- INPUT MATERIAL:
◇ ◇ ◇ ◇ ◇ ◇ ◇

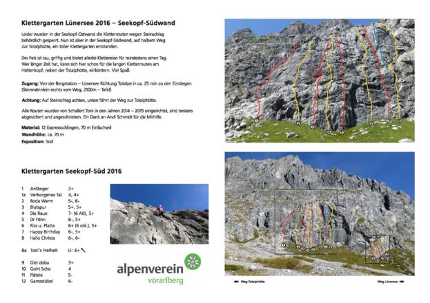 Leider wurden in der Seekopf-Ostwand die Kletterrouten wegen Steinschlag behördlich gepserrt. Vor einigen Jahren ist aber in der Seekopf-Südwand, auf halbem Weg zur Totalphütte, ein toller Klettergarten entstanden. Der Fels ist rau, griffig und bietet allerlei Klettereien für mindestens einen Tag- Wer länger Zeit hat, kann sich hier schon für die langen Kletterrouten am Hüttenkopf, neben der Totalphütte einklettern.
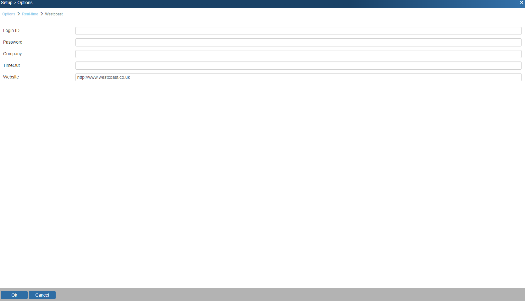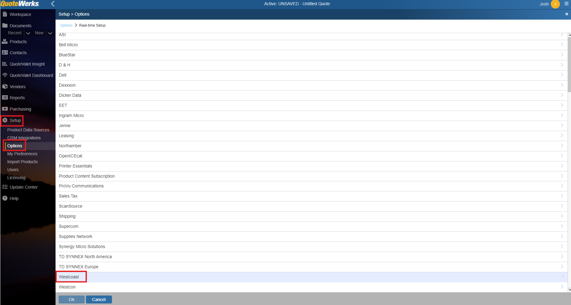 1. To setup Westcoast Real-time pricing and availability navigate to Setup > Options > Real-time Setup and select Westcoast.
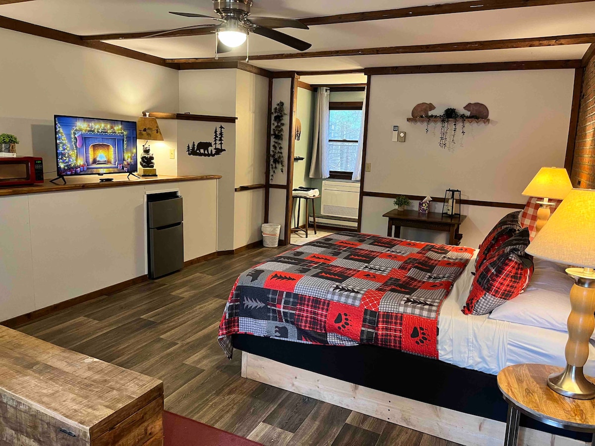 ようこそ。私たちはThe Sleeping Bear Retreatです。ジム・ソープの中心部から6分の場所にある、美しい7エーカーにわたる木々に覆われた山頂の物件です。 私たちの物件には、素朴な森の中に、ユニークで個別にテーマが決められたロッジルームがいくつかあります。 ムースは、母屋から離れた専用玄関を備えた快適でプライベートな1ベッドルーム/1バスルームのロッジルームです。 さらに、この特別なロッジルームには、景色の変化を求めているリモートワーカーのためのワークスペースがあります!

◇ ◇ ◇ ◇ ◇ ◇ ◇

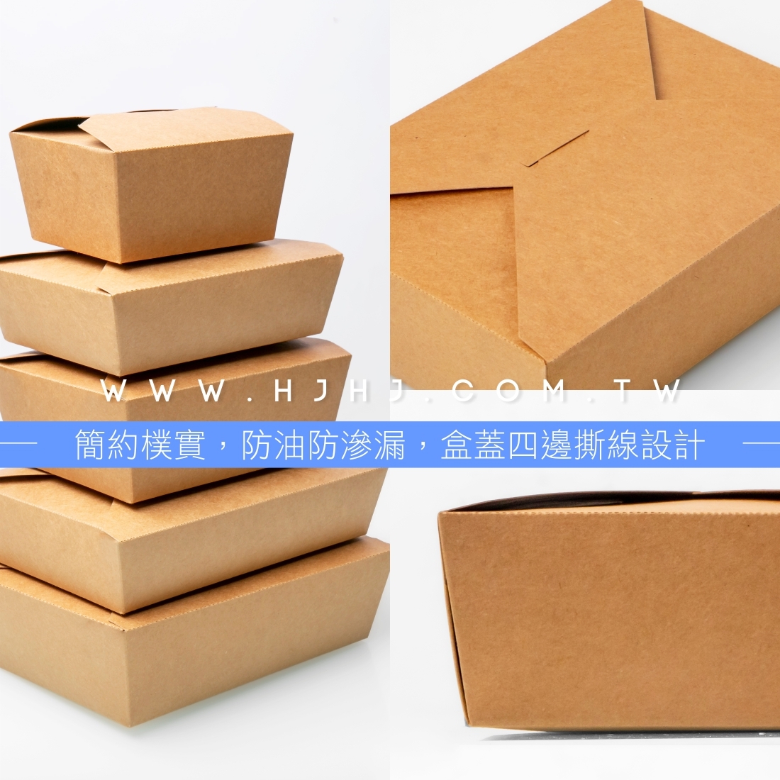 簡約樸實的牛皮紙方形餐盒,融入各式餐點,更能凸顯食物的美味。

◇ ◇ ◇ ◇ ◇ ◇ ◇

- PROBLEM TO SOLVE:
Output only the lines above from the one containing "Leider wurden in" to the one containing "1. To setup", both included, exactly as written and with no pictures.

- SOLUTION TO THE PROBLEM:
 Leider wurden in der Seekopf-Ostwand die Kletterrouten wegen Steinschlag behördlich gepserrt. Vor einigen Jahren ist aber in der Seekopf-Südwand, auf halbem Weg zur Totalphütte, ein toller Klettergarten entstanden. Der Fels ist rau, griffig und bietet allerlei Klettereien für mindestens einen Tag- Wer länger Zeit hat, kann sich hier schon für die langen Kletterrouten am Hüttenkopf, neben der Totalphütte einklettern.
 1. To setup Westcoast Real-time pricing and availability navigate to Setup > Options > Real-time Setup and select Westcoast.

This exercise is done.